Rates-Change with lns and sin/cos

**SportfreundeKeaneKent** · May 27th 2007, 11:52 AM

I can't get the right answer for these two, mainly because they include trigonometry and lns.

**Jhevon** · May 27th 2007, 12:12 PM

Originally Posted by SportfreundeKeaneKent

I can't get the right answer for these two, mainly because they include trigonometry and lns.

For the first:

(a)
we want $S(12)$

$S(12) = 72 - 15 \ln (12 + 1) = 72 - 15 \ln (13) \approx 33.53$

(b)
we want $S'(4)$

Now $S'(t) = - \frac {15}{t + 1}$

$\Rightarrow S'(4) = - \frac {15}{5} = -3$

Do you know how to find the derivative of ln ?

(c)
I assume the original score is to be taken when $t = 0$

This means the original score is 72

we want to know when does the average score becomes less than $\frac {3}{4} 72 = 54$

So we must solve for $S(t) < 54$

we want $t$ such that:

$S(t) = 72 - 15 \ln(t + 1) < 54$

$\Rightarrow -15 \ln(t + 1) < -18$

$\Rightarrow ln(t + 1) > \frac {6}{5}$

$\Rightarrow e^{ \frac {6}{5}} > t + 1$

$\Rightarrow t > e^{ \frac {6}{5}} - 1$

**Jhevon** · May 27th 2007, 12:25 PM

Originally Posted by SportfreundeKeaneKent

I can't get the right answer for these two, mainly because they include trigonometry and lns.

The second

The rate of change of voltage is $v'(t)$

Now, $v'(t) = -2 \sin(t) - 2 \sin(2t)$ ........By the Chain rule

we want $t$ such that $v'(t) = 0$

That is, we want to solve $-2 \sin(t) - 2 \sin(2t) = 0$

$\Rightarrow \sin(t) + \sin(2t) = 0$

$\Rightarrow \sin(t) + 2 \sin(t) \cos(t) = 0$

$\Rightarrow \sin(t) (1 + 2 \cos(t)) = 0$

$\Rightarrow \sin(t) = 0 \mbox { or} 1 + 2 \cos(t) = 0$

$\Rightarrow t = 0 \mbox { or} \cos(t) = - \frac {1}{2}$

$\Rightarrow t = 0 \mbox { , } \pi \mbox { , } 2 \pi \mbox { or } t = \frac {2 \pi}{3} \mbox { , } \frac {4 \pi}{3}$

EDIT 1: added $\pi$ and $2 \pi$ to the solutions

EDIT 2: Thanks for looking out behemoth100...would you believe that I intentionally left the answer incomplete to see if SportfreundeKeaneKent would catch it?
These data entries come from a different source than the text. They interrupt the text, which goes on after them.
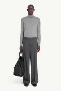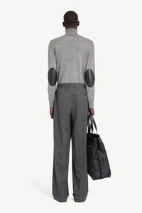 MM6 subverts classic suiting with these wide-leg trousers, elongating the proportions and slicing the sides with unfinished seams. Finished with the Maison’s white stitch line at the back, they transform everyday formality into a conceptual uniform. Product Details Item ID SH0KA0047S47848860M Primary Fabric: 54% Polyester 44% Virgin Wool 2% Elastane-Spandex Pocket Lining: 100% Cotton Wide-leg trousers in technical wool-blend suiting Tailored waistband with belt loops Pressed pleats and a soft drape through the leg Rear welt pocket White stitch line at the back Made in Italy Model is 188 cm tall and wears a size 48.
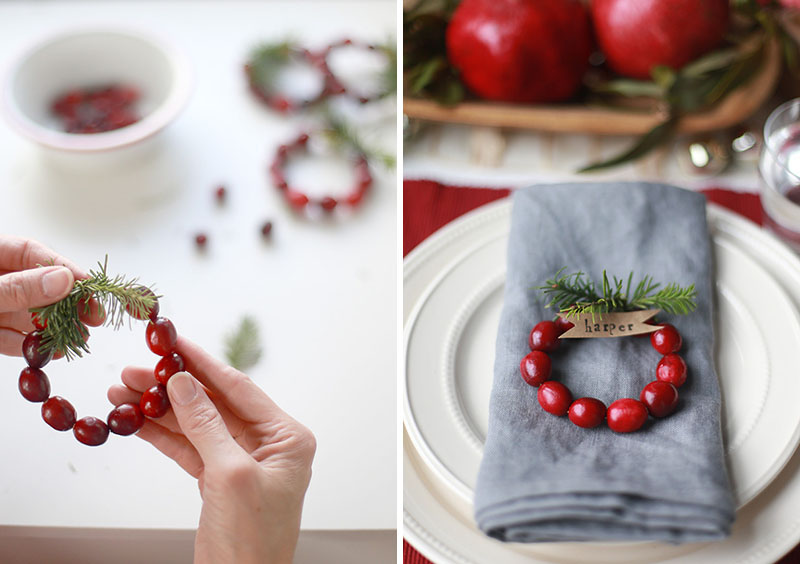Можно пойти дальше, сделав своими руками нарядные мини-венки из клюквы и небольшого количества зелени. Сюда же прикрепляем маленький кусочек бумаги с именем и вуаля, получаем невероятно эффектное украшение для нашего новогоднего стола.
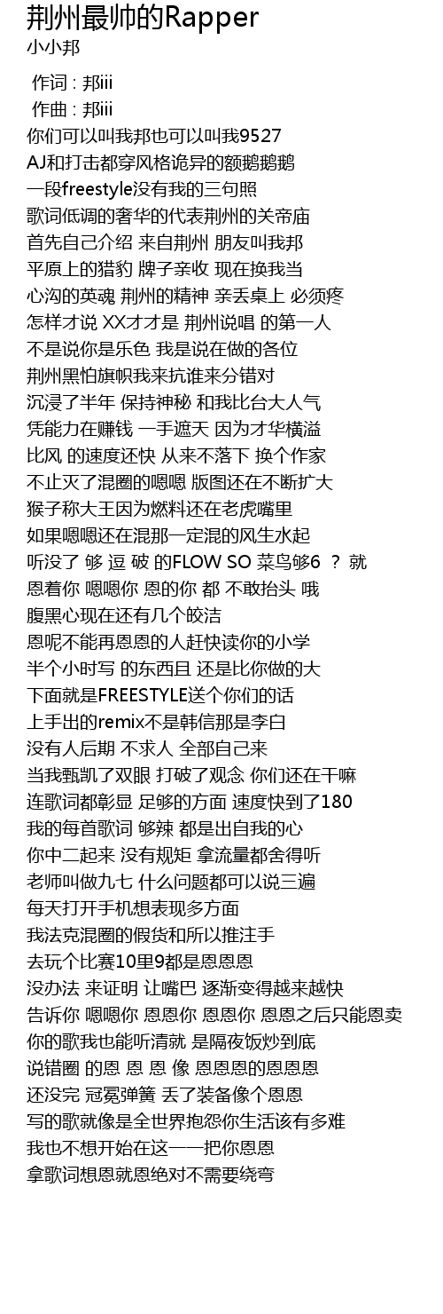 | [00:41.894] | 怎样才说 XX才才是 荆州说唱 的第一人 |
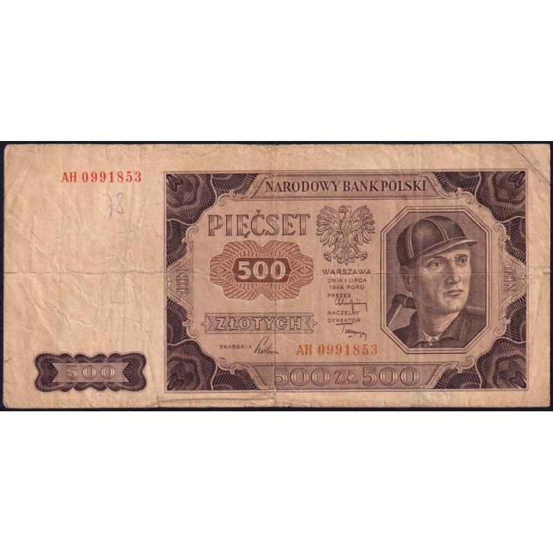 Pologne - Pick 140_2a - 500 zlotych - Série AH - 01/07/1948 - Etat : B+

**behemoth100** · May 27th 2007, 01:06 PM

Originally Posted by Jhevon

The second

The rate of change of voltage is $v'(t)$

Now, $v'(t) = -2 \sin(t) - 2 \sin(2t)$ ........By the Chain rule

we want $t$ such that $v'(t) = 0$

That is, we want to solve $-2 \sin(t) - 2 \sin(2t) = 0$

$\Rightarrow \sin(t) + \sin(2t) = 0$

$\Rightarrow \sin(t) + 2 \sin(t) \cos(t) = 0$

$\Rightarrow \sin(t) (1 + 2 \cos(t)) = 0$

$\Rightarrow \sin(t) = 0 \mbox { or} 1 + 2 \cos(t) = 0$

$\Rightarrow t = 0 \mbox { or} \cos(t) = - \frac {1}{2}$

$\Rightarrow t = 0 \mbox { or } t = \frac {2 \pi}{3} \mbox { , } \frac {4 \pi}{3}$

Ok well given that its only 7am in the morning this may be a stupid comment but...
Isnt sin(t) = 0 at 0 pi and 2pi? The interval is 0<t<2pi (except they are equal to or less than signs).
So isn't your answer incomplete?

If I have made a mistake on BASIC DIFFERENTIATION AND TRIG THEN I SHOULD BE SHOT!!! I'm scared agaist going up against the almighty Jhevon

**Jhevon** · May 27th 2007, 01:08 PM

Originally Posted by behemoth100

Ok well given that its only 7am in the morning this may be a stupid comment but...
Isnt sin(t) = 0 at 0 pi and 2pi? The interval is 0<t<2pi (except they are equal to or less than signs).
So isn't your answer incomplete?

If I have made a mistake on BASIC DIFFERENTIATION AND TRIG THEN I SHOULD BE SHOT!!! I'm scared agaist going up against the almighty Jhevon

"almighty Jhevon"? where did that come from?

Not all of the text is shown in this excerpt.